Originally posted by Astyanax
First of all, the damn’ thing was only infinitely massive because it had zero volume. Since anything divided by zero is infinite, its density (mass per unit volume) was infinite. As soon as it expanded to any size at all, its mass ceased to be infinite. Its energy, by the way, was zero. And remains zero.
Great posts in this thread as usual Astyanax!


Obviously you're 100% correct about ANY mass resulting in infinite density when the volume is zero.

So we agree completely on the infinite density math.

The same could be said of a black hole singularity, black holes have various finite masses, the ones we know of are roughly 3 solar masses and up. But the math results in a singularity due to the zero volume saying they have infinite density at the singularity.

I thought the big bang theory worked somewhat the same way, in that there was a singularity with infinite density, but I'm not so sure about the infinite mass.

There also seems to be some debate about whether the universe is infinite or not. I don't see how that's possible for the observable universe, though for all I know there could have been other big bangs that each happened over 100 billion light years away and each has its own observable universe, though this falls into the category of currently unknown and for at least the immediately foreseeable future, unknowable.
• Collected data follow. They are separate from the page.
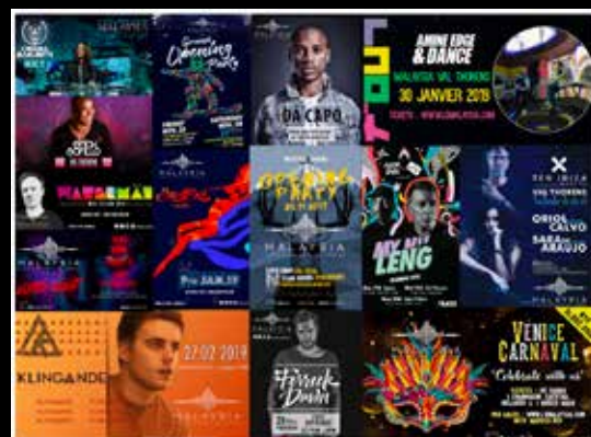
VAL THORENS - FRENCH ALPS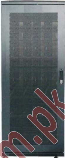
Front Mesh Panel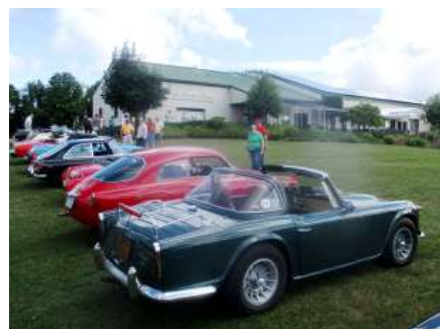
At the Winery Stop by R. Powers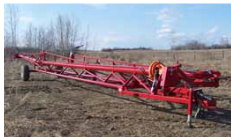
Double A Trailers

Let Your Equipment Pay For Itself! Ask us how the Water Cannon can save you time, fuel and wear & tear on your expensive equipment. The cannon will blast water over 4 acres in a 190 degree arc to dry out low spots fast and efficiently. To ensure your unit, order now on 2011 prices for early spring 2012 delivery. Contact us today at 780-657-0008 or email us at abmarten@telus.net. Double A Trailers & Contracting, Leasing Opportunities Available CALL US TODAY.

We're having a hard enough time explaining the observable universe without speculating too much about what's beyond that so I'd just as soon skip that kind of speculation for now.
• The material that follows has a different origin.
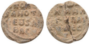
1373 Byzantine Lead Seals Weight: 4.60 g Diameter: 19.78 mm 2

The other thing that occurs to me is that we don't exactly have a great handle on what is in the universe right now, with our claims that 95% of the universe is "missing" or unaccounted for, so when you add to that uncertainty, the uncertainty of turning the clock back 14 billion years, It seems like a lot of things are not that well known.
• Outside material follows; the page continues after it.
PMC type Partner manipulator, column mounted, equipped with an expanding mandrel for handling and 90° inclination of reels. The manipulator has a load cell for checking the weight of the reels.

But we certainly do have lots of observations so whatever model we want to use has to fit those observations. The big bang seems to be the best fit of any model we have, though the "95% of the universe unaccounted for" glitch is a little annoying, though I don't think it means the big bang is wrong.

If you have a minute can you take a look at this:

How can the Universe be infinite if it was all concentrated into a point at the Big Bang? Apparently that's written by some guy named Professor Wright at UCLA. It looks to me like the guy is making some assumptions about what's outside the observable universe. Do you know of any evidence to support his model of what's outside the observable universe? I don't. My understanding is a lot different than his. I can't prove he's wrong and I also can't prove you don't have invisible gnomes running around your back yard. I have no problem with his expanding green circle, that part I get, it's all the galaxies outside the green circle in the left hand view that I don't get.

If I drew that figure, the best I could draw is question marks outside the green circle instead of galaxies. I don't know what's outside the green circle. He might be right about the galaxies outside the green circle but how could he know about those? Any thoughts on that?




posted on Jun, 21 2011 @ 07:38 PM
link   
If the big bang started from a point with no volume, and expanded from there, wouldn't there be some detectable void somewhere? BTW, infinite mass with no volume doesn't make sense, even the mass we can detect to some calculable figure with no volume still doesn't make sense.

I don't think the big bang really means a point in space, I'm much more comfortable with it meaning a point in time.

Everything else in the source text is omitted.